All this, she did with no proper training in food processing, but from what she learned from the Internet.

Her first proper food processing training came in October when Lilongwe University of Agriculture and Natural Resources (Luanar) offered a short course in peanut butter production.

The three-week training was supported by Strengthening Higher Education Access in Malawi Activity (Sheama). Sheama is implemented by Arizona State University with funding and technical support from the US Agency for International Development (USAid) to increase employable and skilled workforce.

Sheama has partnered five public universities to offer quality industry-driven online distance learning programmes (ODeL). They include Luanar, Mzuzu University, University of Malawi, Malawi University of Science and Technology and Malawi University of Business and Applied Sciences.

The project also provides scholarships to needy students enrolled with the five universities under online distance education.

Through the course, Jacqueline learned about types of groundnuts and their nutritional content, health hazards of aflatoxins and the right season to buy groundnuts for maximum profit.

The impact Jacqueline’s peanut butter had on her cousin in 2019 did not go unnoticed and individuals from her community would come to learn from her.

This has made peanut butter popular in the community and beyond.

Jacqueline is now training 73 women in peanut butter production.

Although the area produces enough groundnuts and soya beans, the products are rarely consumed, but sold to traders. Jacqueline encourages the women to consume some and sell the surplus after adding value to make profit.

“Because they are many, I train them in three groups. Sometimes they produce more than they need and therefore sell the surplus peanut at the market for K100 per spoon,” she says.

Among others, she trains mothers to give their children and pregnant women nutritious food products so that they give birth to strong babies.

“They believe all this because they witnessed with their eyes how same recipes helped my cousin,” she explains.

And because there is demand for peanut butter in the area, Jacqueline has extended her nutrition lessons to cover business management skills.

“We listen to her and do what she instructs us and because of the financial benefits, we plan to rent land where we can grow chilli and groundnuts for processing,” explains one of the women, Nuya Majoni, 48.

With her new qualifications in peanut butter production, Jacqueline also produces chilli sauce under Jeyie brand.

She sells Jeyie sauce and peanut butter door-to-door in Mangochi township.

She produces 100 bottles of peanut butter per month, but could produce up to 1 000 bottles if she mechanised production.

For chilli, she currently produces up to 500 bottles a month, but could hit 10 000 with good equipment she cannot presently afford.

On November 29 this year, Jacqueline participated in the Women in Agribusiness pitch competition, hoping to win $25 000 to invest in a maize mill for porridge flour production, a peanut butter machine and chilli packaging machine. Unfortunately, she only made it to the second round.

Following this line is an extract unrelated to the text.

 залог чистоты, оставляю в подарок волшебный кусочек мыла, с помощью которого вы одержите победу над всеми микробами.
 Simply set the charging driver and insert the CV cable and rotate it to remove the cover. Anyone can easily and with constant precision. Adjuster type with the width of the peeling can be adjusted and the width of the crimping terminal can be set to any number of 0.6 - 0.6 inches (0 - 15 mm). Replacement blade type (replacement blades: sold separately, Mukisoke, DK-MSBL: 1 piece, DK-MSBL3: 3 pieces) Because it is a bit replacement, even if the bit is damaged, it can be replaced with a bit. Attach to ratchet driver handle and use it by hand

Sheama workforce development specialist Emmanuel Magomero says Jacqueline’s achievement is in line with the project’s main objective to increase Malawi’s skilled and employable workforce.

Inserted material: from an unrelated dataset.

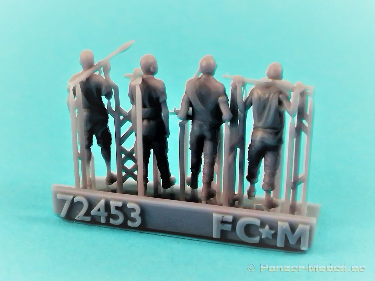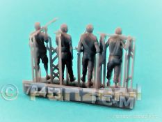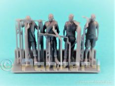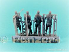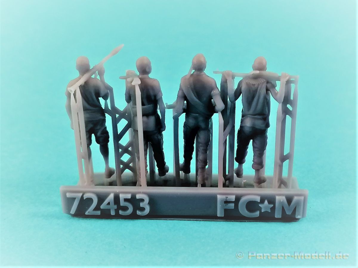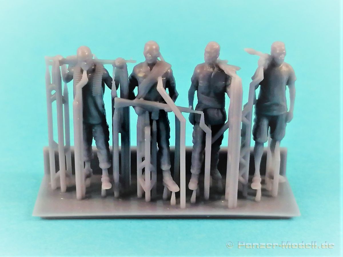 African Warlords militia Vier Druckteile in 1:72 befinden sich in der Blisterverpackung. Das sind vier Figuren die in einem Stück gedruckt sind und typische afrikanische Warlords darstellen sollen. Der Druck macht auf den ersten Blick einen ordentlichen Eindruck. Die Figuren stehen in einer lockeren Pose, ausgestattet mit unterschiedlichen Waffen. Auf den zweiten Blick offenbaren sich doch Mankos die eventuell dem Maßstab geschuldet sein dürften. So dürfte das Heraustrennen der Figuren aus den Streben schon die erste große Herausforderung sein. Bei der linken und der nächsten Figur sind die Streben teilweise mit den Figuren verschmolzen. Häufig nicht klar ersichtlich ist es wo die Strebe aufhört und die Figur beginnt. Kommen wir zu den Figuren Umgehängte Patronengurte und hochgerollte Hosenbeine sind z.B. zu erkennen und wirken im ersten Moment nicht so schlecht. Auch Sandalen sind mit gedruckt, aber eher zu erahnen sind statt scharf definiert zu sein. Gleichfalls typisch umgesetzt wurde auch die Kleidung. Leider wirkt alles etwas flach, schwammig und unscharf. Für die Köpfe gilt das ebenfalls. Scharfe und knackige Details sind nicht unbedingt auszumachen. Eine Figurengruppe die etwas aus dem Rahmen fällt.

He says: “She is not only focusing on job seeking, she has ventured into job creation through entrepreneurship.

“More interesting is the use of her personal resources to reach out to her community with solutions. This is a huge achievement and a good social enterprise.”

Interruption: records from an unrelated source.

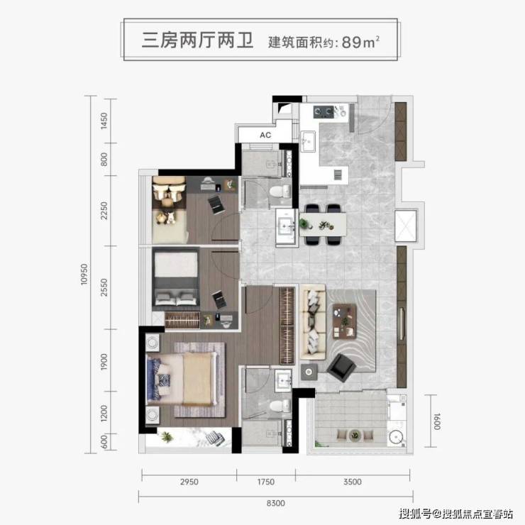 (三房两厅两卫)89平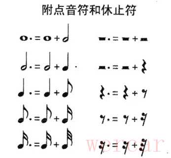 附点音符和附点休止符的原理与简谱一样,符点的时值相当于前面音符时值的一半。也就是说,音符或者休符的后面跟一个附点,其时值就延长一半。如果后面再跟一个附点,就将前面附点的时值再次延长一半。例如,如果一个四分音符的时值为一拍,其后带两个附点,那么第一个附点是半拍,第二个附点是四分之一拍,其总时值为一又四分之三拍。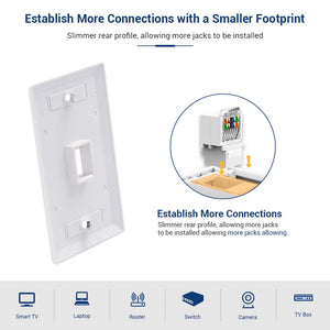 - 유연한 사용: 다양한 표면 실장 박스 및 벽면 플레이트에 적합합니다. 하나의 플레이트에 여러 개의 키스톤을 통합하는 데 이상적입니다. 참고: 패치 패널과 호환되지 않습니다.

Registered with the Registrar of Companies as Jeyie Foods, her dream is to invest in machinery for mass production and to be certified by the Malawi Bureau of Standards so she can start supplying supermarkets.

The Malawi 2063 development agenda places emphasis on achieving a healthy and productive nation. Women from Bwananyambi in Mangochi could already be on the path towards that goal and, all thanks to one of their own whose family problem has become a blessing in disguise.